NASHVILLE, Tenn. (AP) -- Casting doubt on the long-held belief that Andrew Jackson slowly died of mercury and lead poisoning, researchers reported Wednesday that the president known as "Old Hickory" instead died of kidney failure.
The researchers analyzed two strands of hair clipped from Jackson in 1815 and 1839 and preserved by The Hermitage, his Tennessee plantation.While the mercury and lead levels found in the hair were "significantly elevated," they were not toxic, said Dr. Ludwig Deppisch, a pathologist with Northeastern Ohio Universities College of Medicine and Forum Health.
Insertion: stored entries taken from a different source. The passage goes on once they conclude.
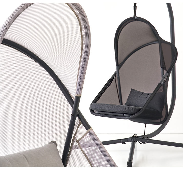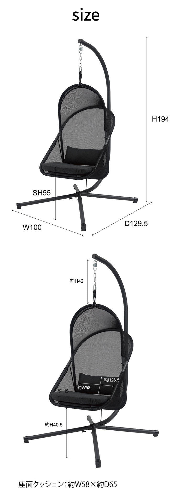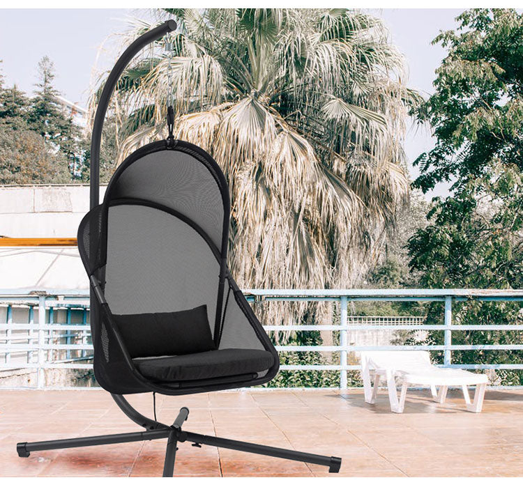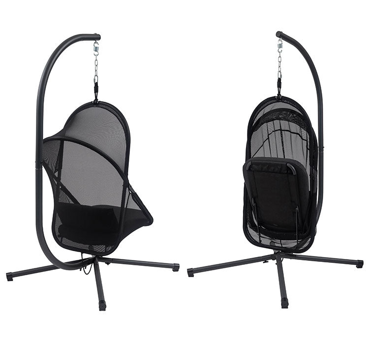ハンギングチェア 自立式 折りたたみ式 ガーデン ベランダ チェア 椅子 イス アウトドア ルーフ付き おしゃれ 北欧 吊り下げ 日よけ リゾート おしゃれ 大きめ ゆったり メッシュ ブラック(代引不可)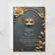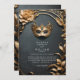 Évoquez la magie d'une boule mascarade avec cette faire-part de mariage exquise. Un arrière - plan noir de charbon de bois, orné d'un décor ornemental complexe, simulé d'or, de feuillage et de fleurs en 3D, crée une atmosphère luxueuse et enchanteresse. Le masque de mascarade doré prend le centre de la scène, ajoutant un élément de mystère et de glamour à votre journée spéciale.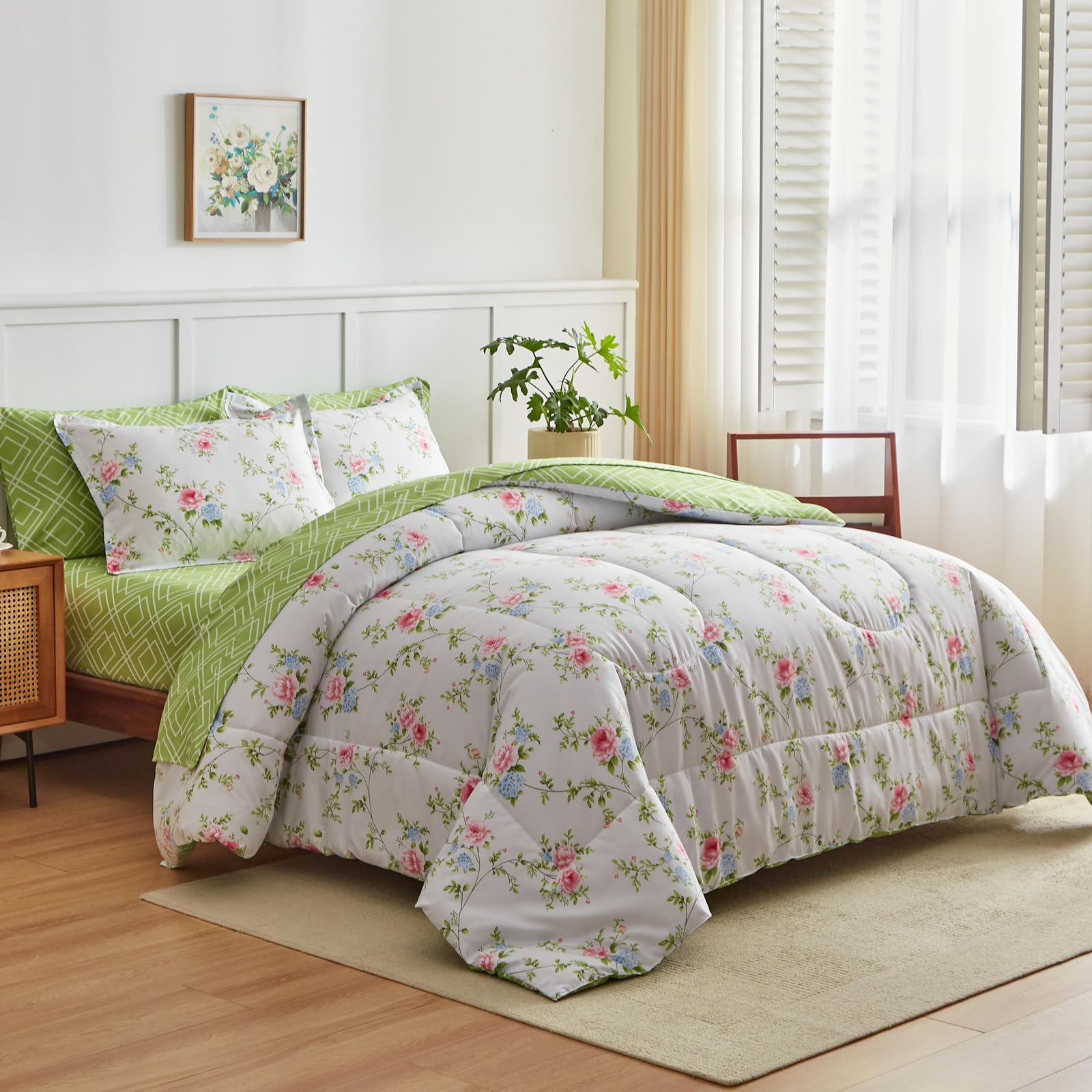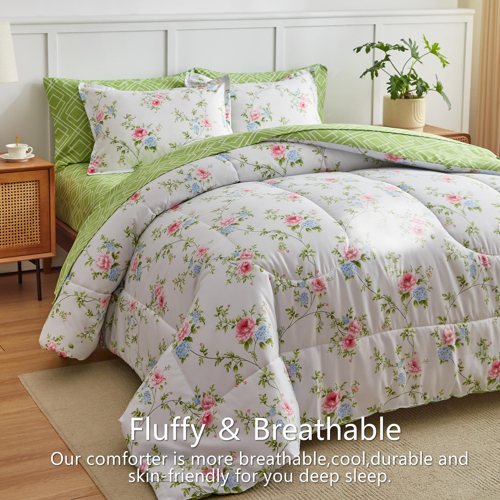 Bed in a Bag 7 Pieces - Floral Print - Soft Microfiber, Reversible Bed Comforter Set

The research is published in Wednesday's Journal of the American Medical Association.
Historians have long thought that the seventh president died of mercury and lead poisoning from two bullets in his body and the 19th-century medications he took for intestinal problems. He died in 1845 at age 78.
Jackson, who served from 1829-37, was among the sickest of all presidents. Many of his symptoms were consistent with mercury and lead poisoning, including excessive salivation, rapid tooth loss, colic, diarrhea, hand tremors, irritability, mood swings and paranoia.
Some historians believed Jackson's frequent ingestion of calomel (mercurous chloride) and sugar of lead (lead acetate) for intestinal ailments caused the symptoms and led to his death.